INTERNATIONAL CONFERENCE to be held at the
UNIVERSITY OF NEWCASTLE UPON TYNE
5 - 7 SEPTEMBER 2003
CALL FOR PAPERS
This conference will seek to examine both French perceptions of
"Indochina" and India and reciprocally these countries' perceptions
of France, through a variety of media including cinema, literature,
art and historical or anthropological writings.
"Indochina" - or the countries once subsumed under that name by the
French colonial administration - has touched "l'imaginaire français"
in various ways through colonialism, war and more recently
immigration. Imagined "Indochina" was associated with opium, cruelty
and sensual pleasure paradoxically coexisting with a mysticism that
denied the senses and a philosophy of life that was not without its
French devotees. Between India and China, "Indochina" was constantly
defined by what itwas not, a place of curious ambiguities. It was
also a land of danger, of legendary piracy, tigers and treacherous
"natives"; it was a territory in which resistance against colonialism
had to be constantly belittled, yet where such resistance
nevertheless obstinately made its presence felt. And as quite recent
films attest, to French ears the word "Indochine" retains a certain
power to evoke past colonial grandeur. From myth to the discourse of
colonial domination, from nostalgia to post-colonial guilt, these
imagined "Indochinas" have now to be re-read in the light of new
links with the erstwhile colonies due to the presence of Vietnamese,
Cambodian and Laotian immigrants in France itself.
India was central to Romantic myths of Origin, and presented its own
distinctive topos of exotic mysticism. Long remembered with nostalgia
for a lost, earlier French Empire, the French presence in India has
received less critical attention than it merits; now, with growing
awareness of the range of travel writing as well as fiction and of
the attempts to forge a different colonial policy from that of the
British, it is timely to explore this area.

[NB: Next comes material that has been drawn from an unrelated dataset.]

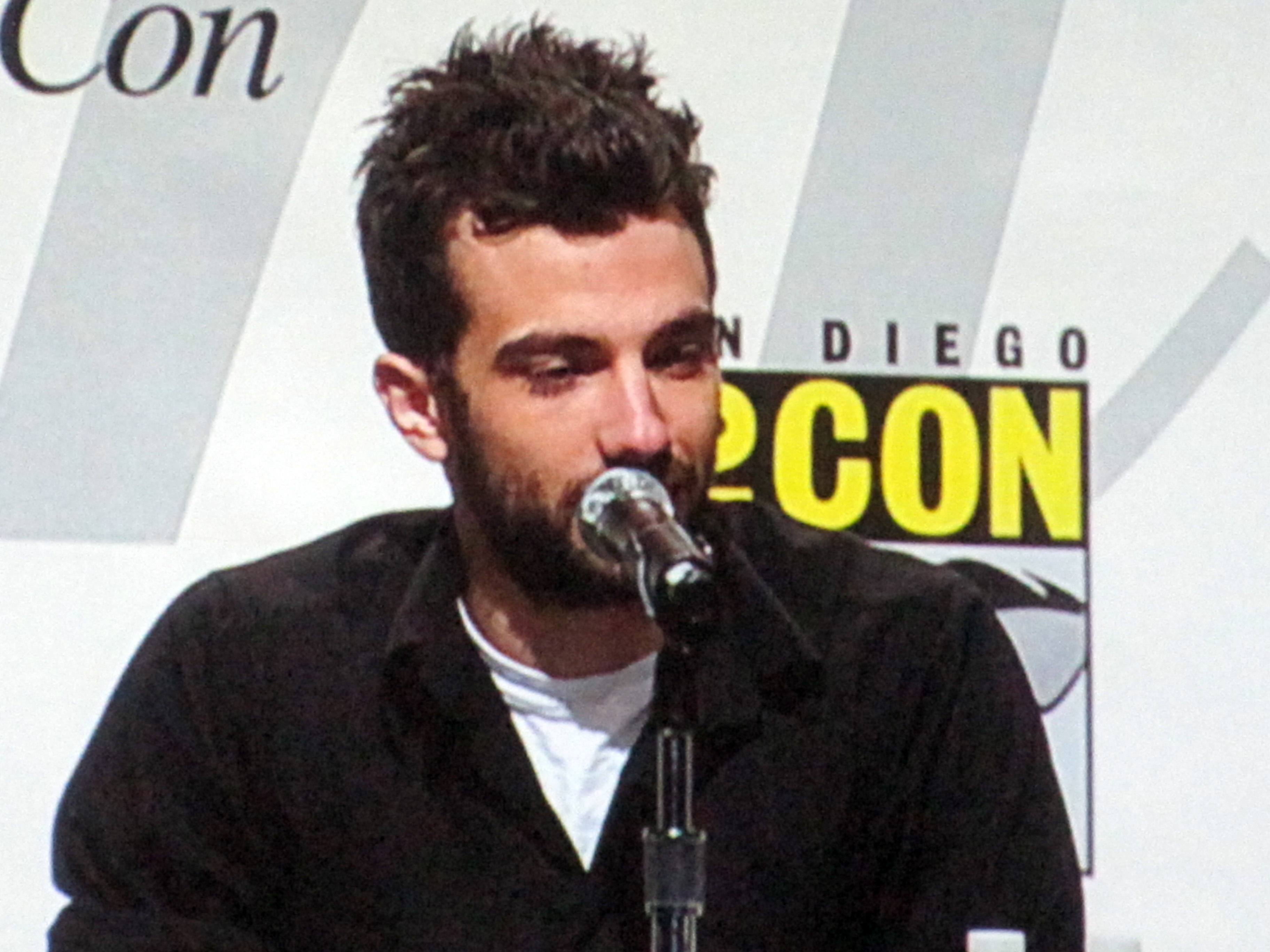 Actor Jay Baruchel participating in a panel on The Sorceror's Apprentice at WonderCon 2010.

Suggested topics for this interdisciplinary conference are:
French cinema and "Indochine" or India
Marguerite Duras
André Malraux
Colonial identity and gender
Travel writing and colonial literature
Memory and the French presence in India
The "expositions coloniales"
Writing in French by authors of Vietnamese, Cambodian, Laotian or
Indian origin
Visions of "Indochina" or India in anthropological writings and
journalism
Photographic/graphic representations
Wars of decolonization
Proposals on other topics related to the theme are of course welcome.
Organizing Committee, from the University of Newcastle upon Tyne: Dr
Kathryn Robson, Professor Brian Stimpson, Dr Jennifer Yee.
Advisory Committee: Dr Nicola Cooper (Bristol), Professor Panivong
Norindr (Southern California), Dr Rachel Edwards (Newcastle upon
Tyne).
Proposed papers, with an outline of around 300 words, should
be sent to the address below by May 15 2002
(or electronically to: Jennifer.Yee@ncl.ac.uk).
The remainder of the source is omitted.